Stored data entries
_ _ _ _ _

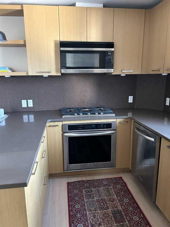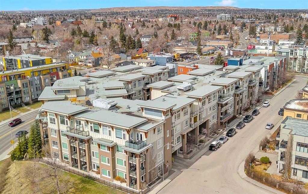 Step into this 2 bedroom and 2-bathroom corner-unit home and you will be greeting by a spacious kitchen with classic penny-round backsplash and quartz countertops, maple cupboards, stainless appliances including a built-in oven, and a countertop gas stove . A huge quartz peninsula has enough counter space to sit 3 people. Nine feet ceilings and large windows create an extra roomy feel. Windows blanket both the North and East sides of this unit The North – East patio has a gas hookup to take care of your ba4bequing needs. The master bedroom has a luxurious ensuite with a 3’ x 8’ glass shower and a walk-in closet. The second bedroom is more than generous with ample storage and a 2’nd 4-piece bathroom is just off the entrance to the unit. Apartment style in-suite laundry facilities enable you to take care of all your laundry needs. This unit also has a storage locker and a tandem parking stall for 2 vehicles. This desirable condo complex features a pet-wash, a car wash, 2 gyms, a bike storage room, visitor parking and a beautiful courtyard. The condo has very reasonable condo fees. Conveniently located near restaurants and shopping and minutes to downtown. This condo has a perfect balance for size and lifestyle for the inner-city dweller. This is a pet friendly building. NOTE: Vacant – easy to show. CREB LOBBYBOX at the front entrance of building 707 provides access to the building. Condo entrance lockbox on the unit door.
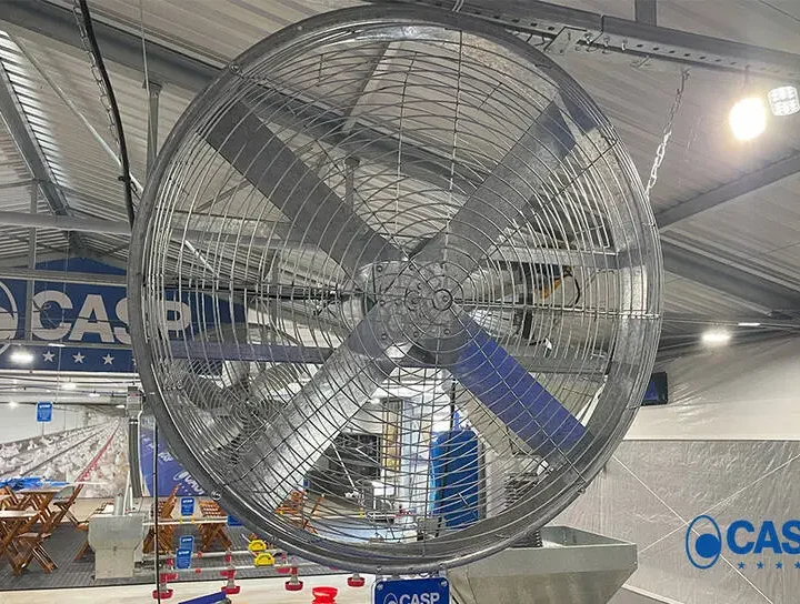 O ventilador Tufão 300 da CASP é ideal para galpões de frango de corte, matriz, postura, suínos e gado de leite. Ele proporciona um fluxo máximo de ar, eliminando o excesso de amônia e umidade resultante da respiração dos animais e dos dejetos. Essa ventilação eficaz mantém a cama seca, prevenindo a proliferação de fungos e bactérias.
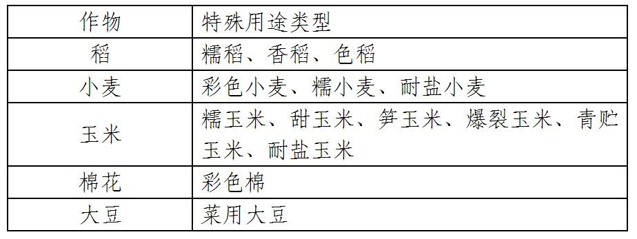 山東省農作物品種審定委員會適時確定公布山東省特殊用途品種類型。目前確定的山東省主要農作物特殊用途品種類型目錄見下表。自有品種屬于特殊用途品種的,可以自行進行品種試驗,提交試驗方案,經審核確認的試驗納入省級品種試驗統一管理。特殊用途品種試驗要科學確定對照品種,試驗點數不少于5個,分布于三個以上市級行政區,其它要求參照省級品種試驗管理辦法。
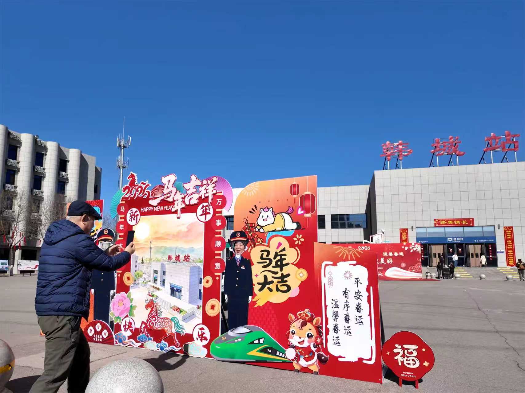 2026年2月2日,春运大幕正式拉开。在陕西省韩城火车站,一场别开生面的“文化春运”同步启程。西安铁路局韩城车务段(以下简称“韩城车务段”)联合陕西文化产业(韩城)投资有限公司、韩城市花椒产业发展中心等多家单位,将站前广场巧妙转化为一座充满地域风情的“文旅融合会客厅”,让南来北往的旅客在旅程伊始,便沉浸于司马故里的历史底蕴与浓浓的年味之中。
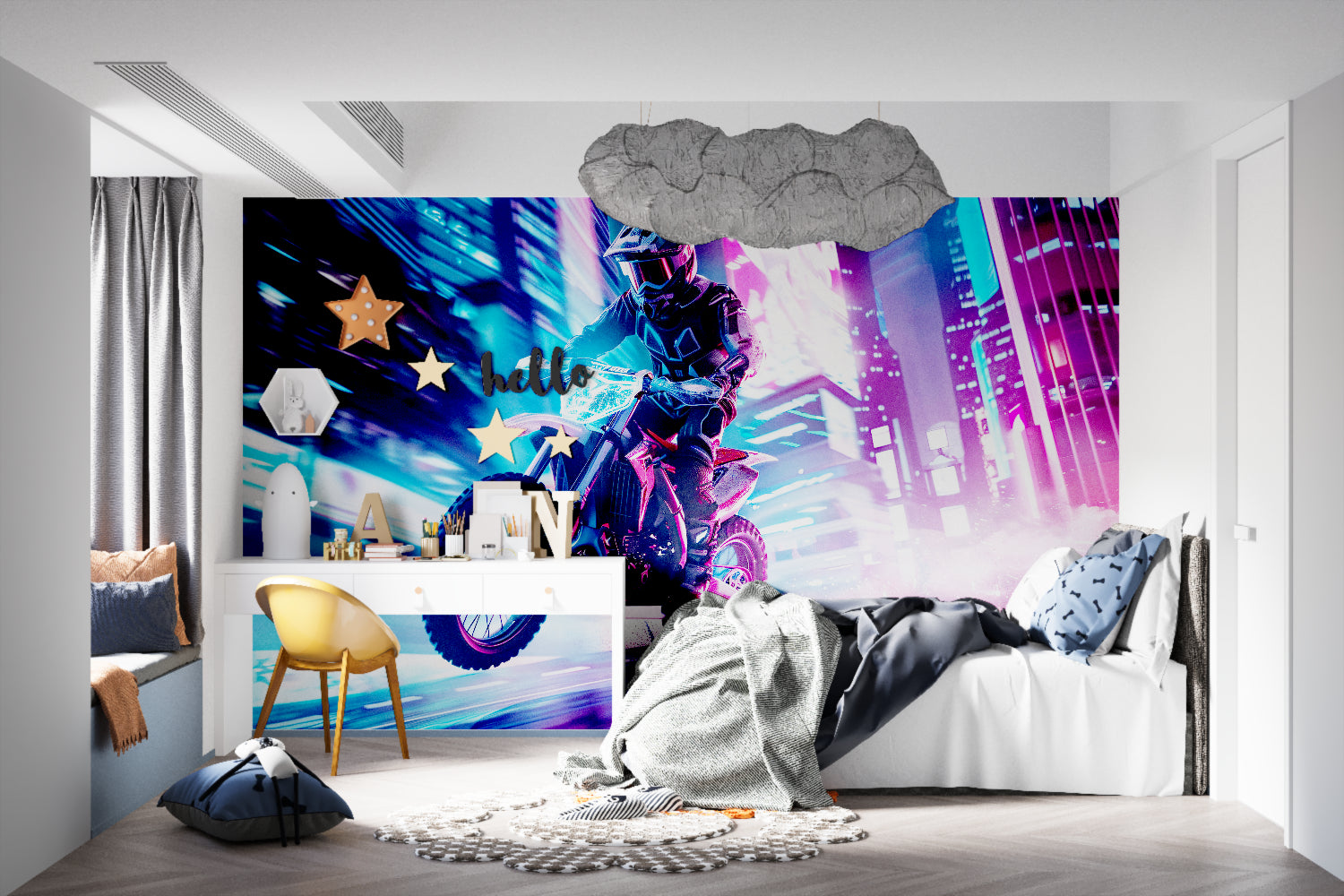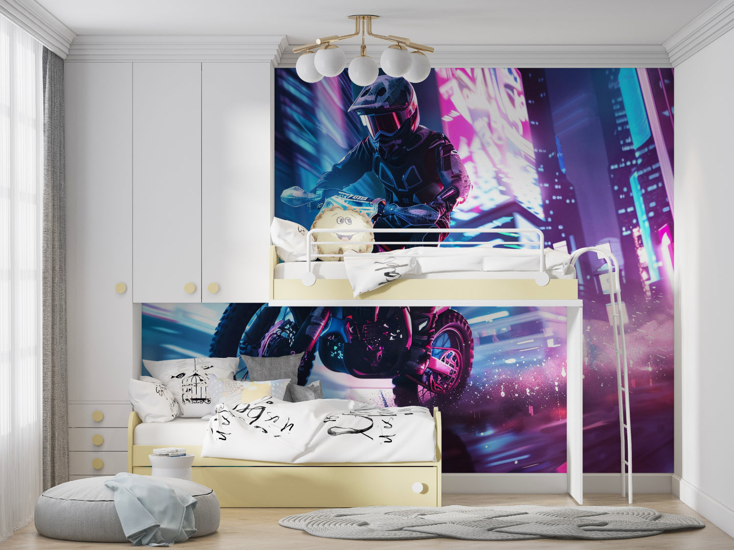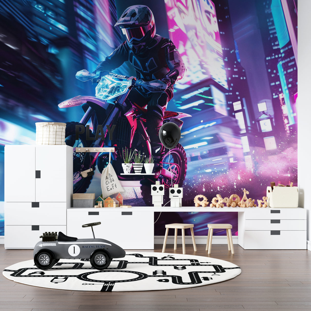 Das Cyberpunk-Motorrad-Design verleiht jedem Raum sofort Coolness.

_ _ _ _ _

◆ **PROMPT**:
Copy nothing but the lines from the line holding "山東省農作物品種審定委員會適" through the last line of the entries, exactly, while leaving out the pictures.

◆ **TASK OUTPUT**:
 山東省農作物品種審定委員會適時確定公布山東省特殊用途品種類型。目前確定的山東省主要農作物特殊用途品種類型目錄見下表。自有品種屬于特殊用途品種的,可以自行進行品種試驗,提交試驗方案,經審核確認的試驗納入省級品種試驗統一管理。特殊用途品種試驗要科學確定對照品種,試驗點數不少于5個,分布于三個以上市級行政區,其它要求參照省級品種試驗管理辦法。
 2026年2月2日,春运大幕正式拉开。在陕西省韩城火车站,一场别开生面的“文化春运”同步启程。西安铁路局韩城车务段(以下简称“韩城车务段”)联合陕西文化产业(韩城)投资有限公司、韩城市花椒产业发展中心等多家单位,将站前广场巧妙转化为一座充满地域风情的“文旅融合会客厅”,让南来北往的旅客在旅程伊始,便沉浸于司马故里的历史底蕴与浓浓的年味之中。
 Das Cyberpunk-Motorrad-Design verleiht jedem Raum sofort Coolness.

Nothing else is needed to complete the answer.